Zenaida Moya has now turned out to be the biggest mistake of Dean Barrow’s ten-year leadership tenure in the United Democratic Party. At the time the UDP ditched Sir Andie for “Z” in late 2005 or so, we thought it was a mistake. We thought it was a mistake not because we expected Zenaida to get out of control, but because we were Sir Andie fans. Mr. Barrow is a GQ kind of guy, however, and the Belizean people like their leaders and politicians to be like this. For sure Zenaida was a better candidate, in the strictly political equation, than the Sir, but Zenaida was form. Sir Andie would have been function. The Hon. Barrow went for form.
The Belize City Council is streets, drains, garbage and traffic. Zenaida turned it into a campaign stage or a global television studio. The nuts and bolts of the mayor’s job began to get the better of her. But the people of Belize City were in love with Zenaida. Zenaida was one of the Southside roots who had made it, and she had made it quickly and publicly. She was a blazing meteor in the sky. In a way, and incredibly, Zenaida became bigger than Dean Barrow.

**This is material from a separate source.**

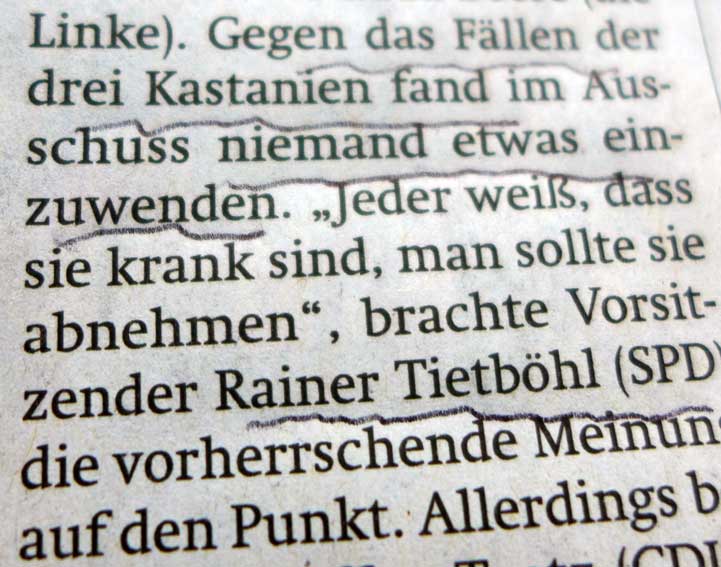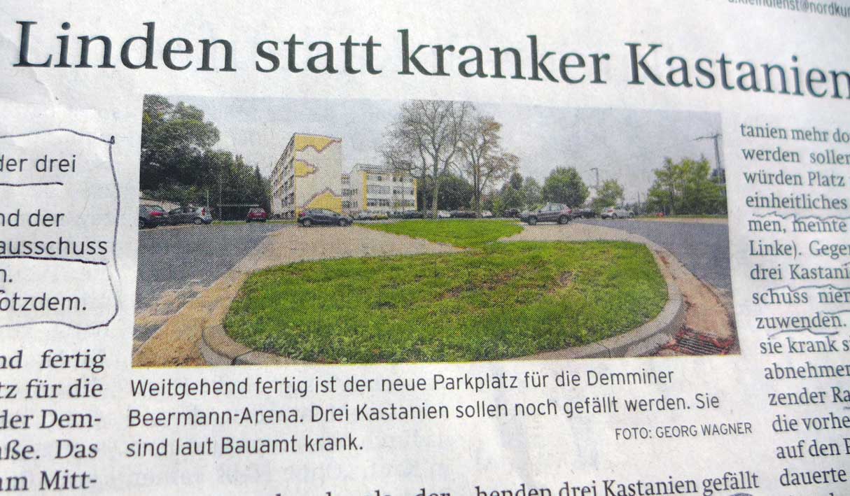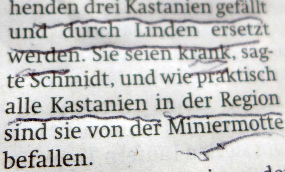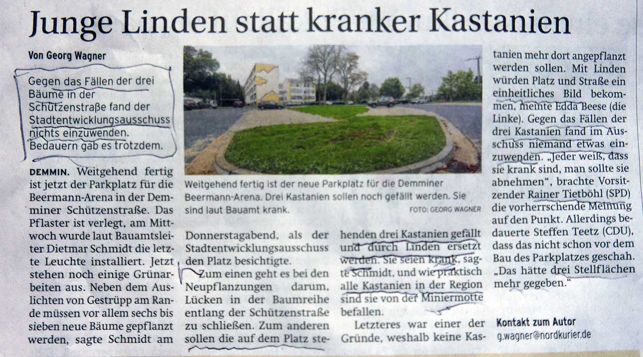 Haushohe Kastanien geopfert. Was man gegen die Minimiermotte macht, steht im selben Nordkurier als Ratschlag. Dem Umweltamt wohl unbekannt. Alle Kastanien weg !

It was not that Mr. Barrow was jealous of her, we don’t think. Constitutionally, he was hardly threatened, and our sense is that he may not have thought Zenaida was that big of a deal. Last year’s attempt by the mainstream UDP to replace Zenaida with Anthony Michael as the UDP’s mayoral candidate for the March 2009 CitCo run, backfired. It was badly handled. “Somebody” underestimated Zenaida. The UDP figured that with Councilor Mark King’s media outburst, UDP elder statesman and former Prime Minister Manuel Esquivel’s public denunciation of the Moya administration, and the lining up of the vast majority of the City Councilors behind Anthony Michael, Zenaida’s goose was cooked. Not so! Zenaida whipped them all.
Re-elected to another three-year term as Mayor seven months ago, when she must have already been in young pregnancy, Zenaida got married two months later, and prepared for the coming of her first child. Exactly what was going on with the Belize City Council’s finances is a job for auditors, but it is the business of all the citizens of the old capital. Things just kept looking worse and worse.

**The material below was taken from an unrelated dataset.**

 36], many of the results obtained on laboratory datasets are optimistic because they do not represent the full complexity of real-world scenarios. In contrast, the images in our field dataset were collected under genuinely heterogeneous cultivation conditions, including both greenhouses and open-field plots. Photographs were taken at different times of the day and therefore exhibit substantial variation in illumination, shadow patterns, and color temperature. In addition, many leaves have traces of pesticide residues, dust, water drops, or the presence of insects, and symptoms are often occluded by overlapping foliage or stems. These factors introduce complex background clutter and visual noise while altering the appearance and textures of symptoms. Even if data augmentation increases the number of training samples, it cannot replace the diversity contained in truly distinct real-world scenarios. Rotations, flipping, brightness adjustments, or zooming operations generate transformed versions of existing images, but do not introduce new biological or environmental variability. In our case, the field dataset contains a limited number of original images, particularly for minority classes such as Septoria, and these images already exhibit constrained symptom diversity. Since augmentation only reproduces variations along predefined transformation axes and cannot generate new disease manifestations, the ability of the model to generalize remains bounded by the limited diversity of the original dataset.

This put the Prime Minister in a dilemma, because he had insisted on making himself a poster boy for honesty and transparency. Now the UDP’s most high profile star had all kinds of financial question marks around her. Barrow knew the answers. If he did not, he was in a position to have the questions answered for him. His anti-corruption credibility was at stake. And so he sent in the hounds.
Moya refused to take maternity leave. She worked up until September 10, the day before she gave birth, and then was caught by television cameramen a little more than a week later coming out of her City Hall office. The P.M.’s hounds had jumped through the only real window of opportunity available to them – Zenaida’s delivery time. Arrested and charged last Thursday, October 1, when she should have been at home nursing her son and herself recovering from his Caesarian birth, Zenaida lashed out against the Prime Minister in front of the assembled print and electronic media of Belize City.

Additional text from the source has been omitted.